How do I use Bonaftumomab?
According to the approved product insert, the recommended use and dosage of Bonatumumab against microscopic residual disease-positive precursor B-cell acute lymphoblastic leukemia is as follows:
- Recommended duration of therapy: 1 course of induction and 3 courses of consolidation, with a single cycle of induction or consolidation consisting of 28 days of continuous intravenous infusion followed by 14 days of no therapy (42 days total).
- Recommended dose: For induction and consolidation therapy, the recommended fixed dose is 28 mcg per day if the patient weighs more than 45 kg and 15 mcg/m per day if the patient weighs less than 45 kg.
- Glucocorticoids may be given prior to each intravenous injection.

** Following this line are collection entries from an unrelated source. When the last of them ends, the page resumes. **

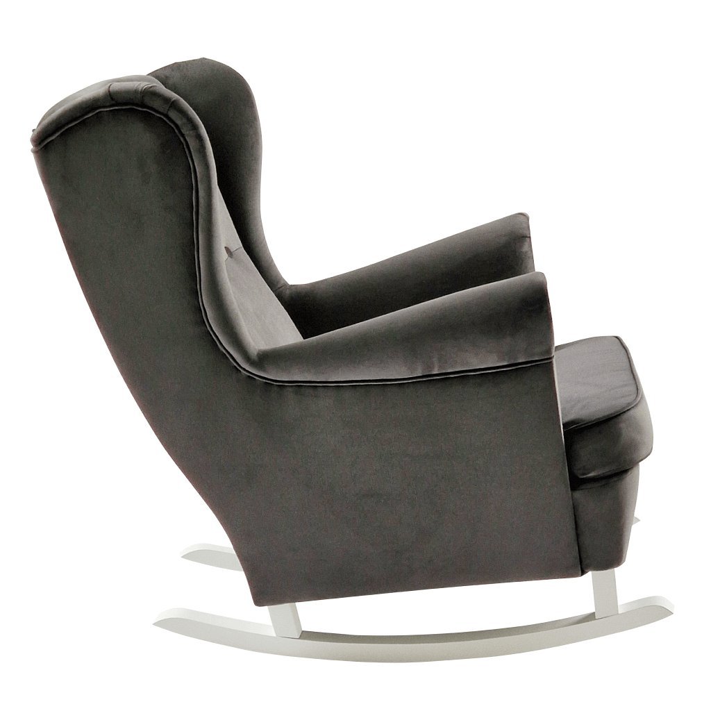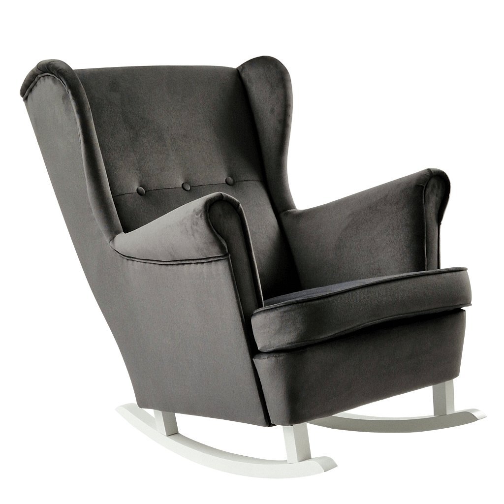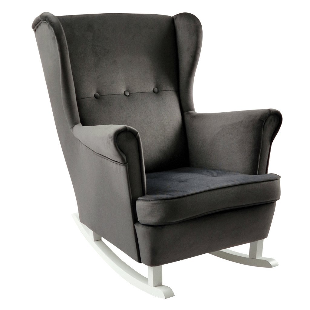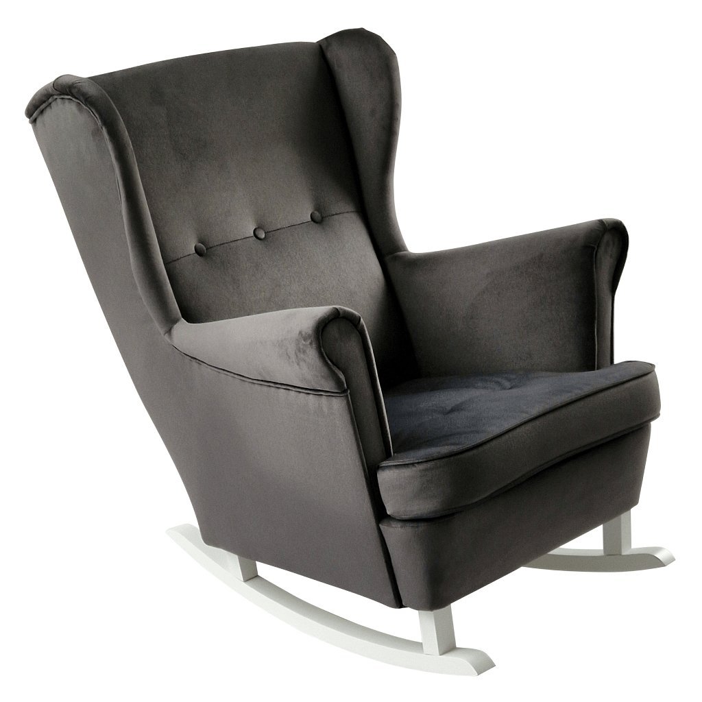 Hojdacie kreslo TEJA v tmavosivej látke kombinuje pohodlie a štýlový dizajn. S vysokou opierkou a mäkkými bočnými "ušiakmi" ponúka ideálne miesto na relax. Stabilné drevené nožičky zaisťujú bezpečné h
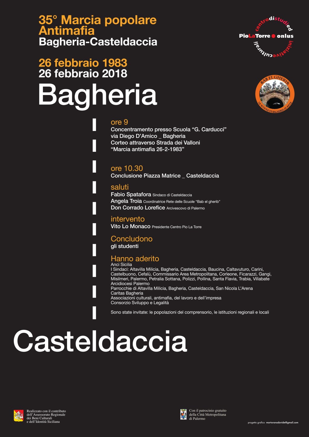Il Centro Pio La Torre e la rete delle scuole di Bagheria Bab el Gherib promuovono il 35° anniversario della prima marcia popolare Bagheria-Casteldaccia ripetendone il percorso lunedì 26 febbraio 2018.
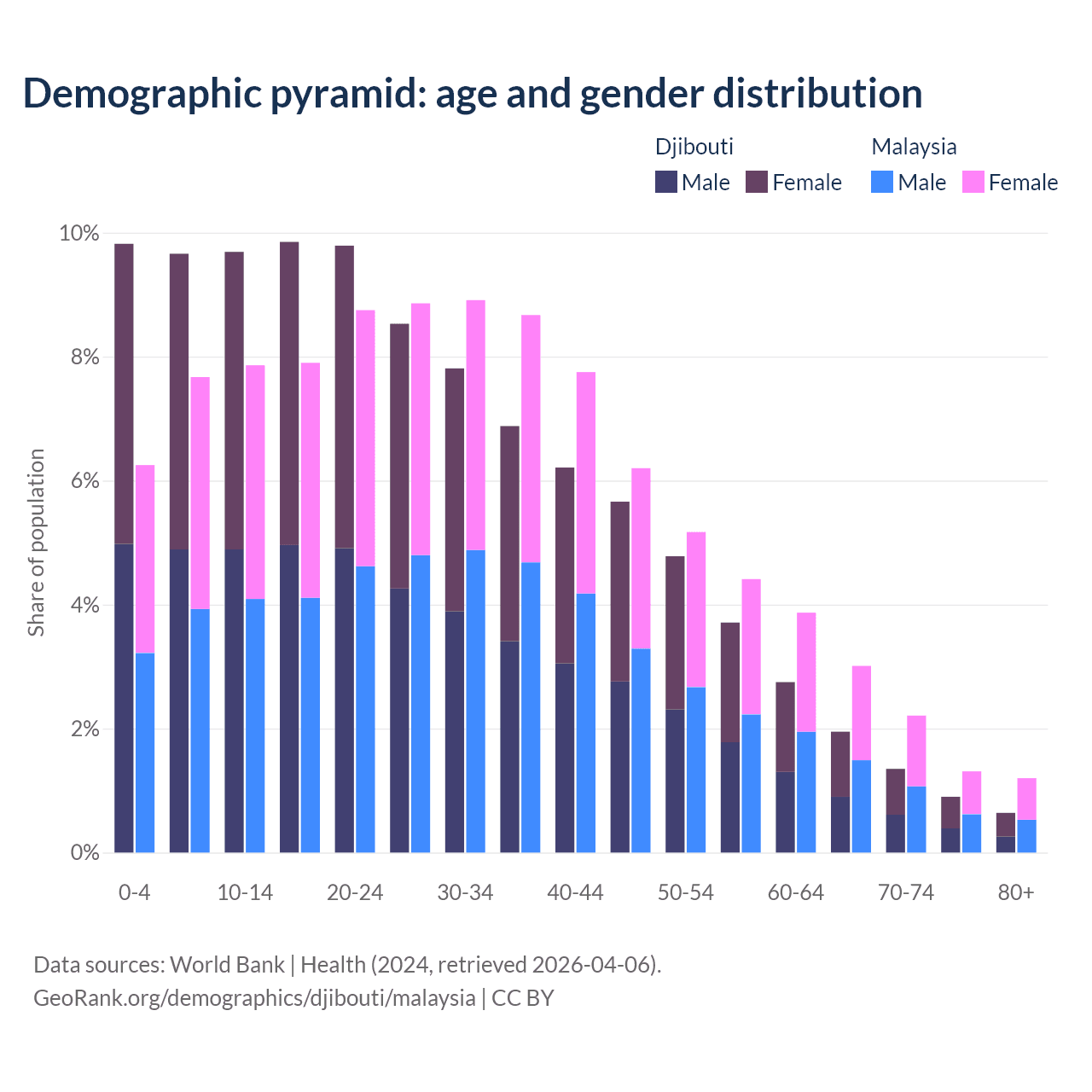 Demographics of Djibouti compared to Malaysia:

It is important to note that the above recommended doses are for microresidue-positive precursor B-cell acute lymphoblastic leukemia and are not the same for relapsed or refractory positive B-cell precursor acute lymphoblastic leukemia that is Ph chromosome negative/positive.
Bonatumumab has been approved for marketing in China, and the approved indications do not currently include treatment of microscopic residual disease-positive precursor B-cell acute lymphoblastic leukemia; hopefully, as more trial evidence becomes available, the drug will help more patients delay relapse and achieve longer survival.